Abstract:
The liver was suspended to expose the surgical field clearly. The greater omentum attached to the transverse colon was cut from middle to left until No.2 short gastric vessels. The left gastroepiploic vessels were isolated and cut off, and No.4sb lymph nodes were removed. Next, the dissection was continued rightward to the hepatic flexure to completely separate greater omentum and colon. Exposing the pancreatic head and duodenal bulb, the right gastroepiploic vessels were ligated. No.4d and No.6 lymph nodes were dissected. Then the pancreatic membrane was detached from right to left and bottom to up. Upper margin of the pancreas was exposed and the common hepatic artery was freed for the removal of No.8a and No.12a lymph nodes. Subsequently, the left gastric vessels were ligated, and the dissection was performed along the splenic artery to the left until the posterior gastric artery. No.7, No.9 and No.11 lymph nodes were dissected. Dissecting the region of lesser curvature and cutting the hepatogastric ligament, No.5 and No.12a lymph nodes were removed right after the ligation of right gastric vessels. After that, right phrenic angle and esophageal hiatus was exposed to dissect No.1 and No.3 lymph nodes.
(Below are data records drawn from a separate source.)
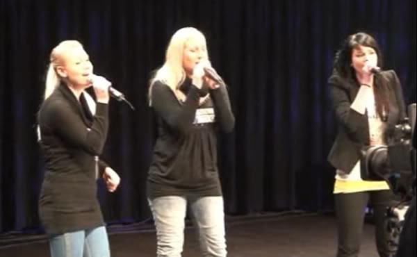 Ryhmässä lauloi kolme ennen ruudussa näkymätöntä naista: Jasmin Arffman, Niina Marin, Hennariikka Syvänne.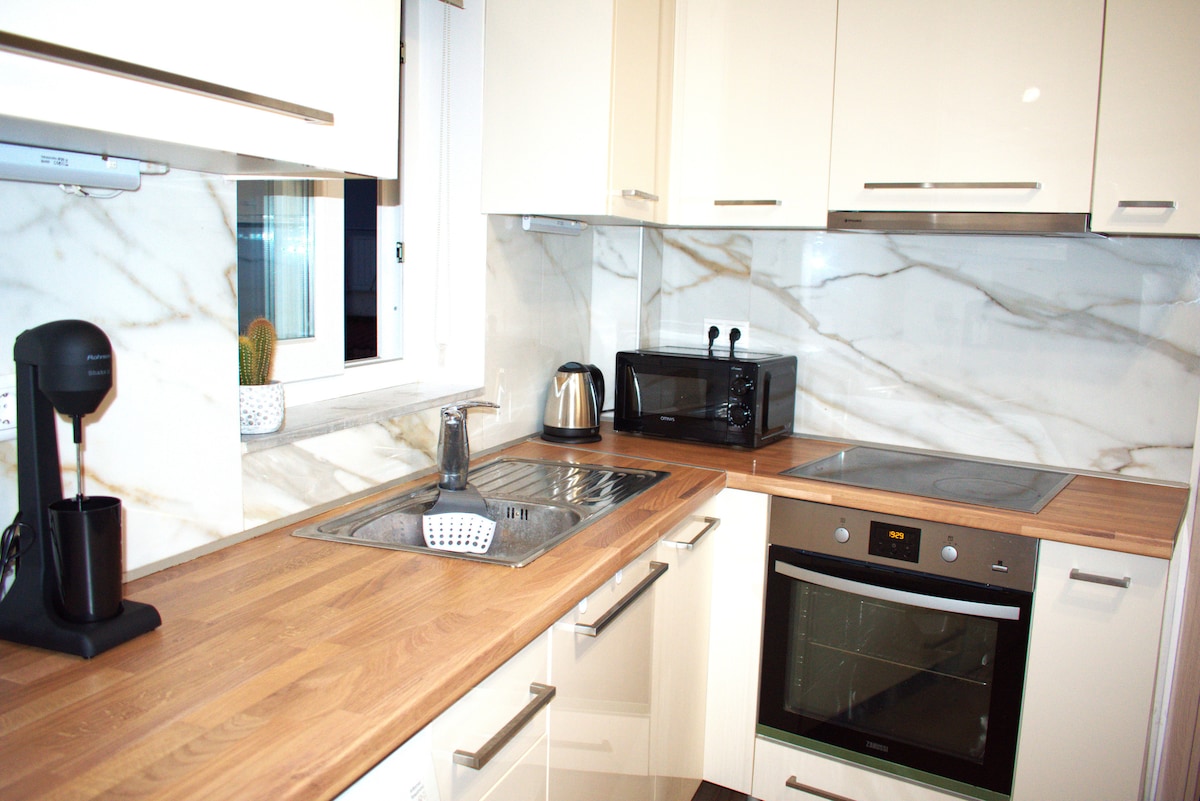 Elegante estudio recién renovado a solo 10 minutos del centro de Tesalónica Diseño inteligente, experto, con ambiente isleño, un verdadero oasis en medio de la ciudad. Cocina totalmente equipada, máquina Nespresso, calefacción de gas, internet de fibra óptica de alta velocidad con hasta 300 MBps, cuenta de Netflix. Ideal para viajeros de negocios y turistas. ¡Bienvenido y disfruta de tu estancia!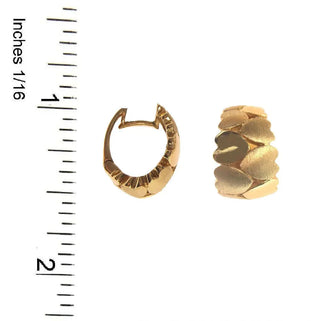 Presentamos nuestros exquisitos Pendientes Huggie de Corazones Satinados y Pulidos en Oro Macizo de 18K, la combinación perfecta de elegancia y sofisticación. Elaborados con meticulosa atención al detalle en Italia, estos hermosos pendientes de aro con bisagra están diseñados para cautivar. Con una altura de 0.64 pulgadas (16.3 mm) y un ancho de 0.43 pulgadas (10.9 mm), estos pendientes ofrecen una presencia impresionante en tus orejas.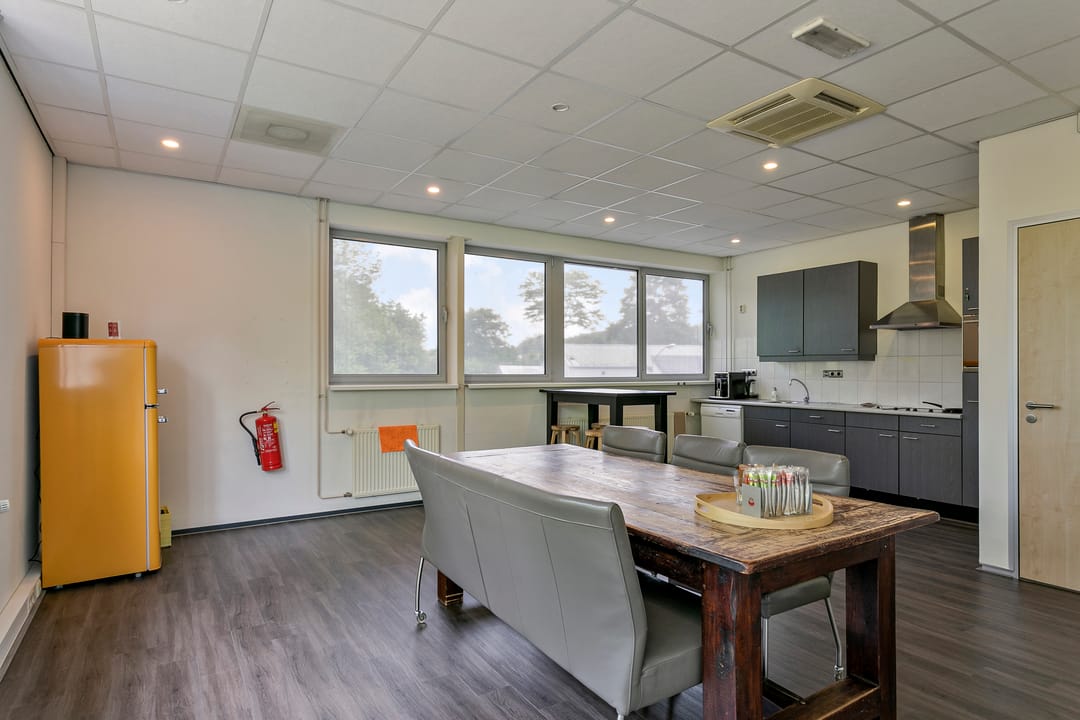 Ontvangstruimte, 7-tal kantoorruimten, kantine met pantry en toiletgroep, berging en vergaderruimte.

Finally, Billroth II anastomosis was performed by using liner stapler, and the common opening was stitched with barbed thread.
Key words:
Stomach neoplasms,
Laparoscopes,
Gastrectomy,
Lymph node excision
Juntian Chen, Xinxin Li, Aosi Xie. Radical gastrectomy for gastric antral cancer(D2) operation[J]. Chinese Journal of Operative Procedures of General Surgery(Electronic Edition), 2020, 14(06): 557-557.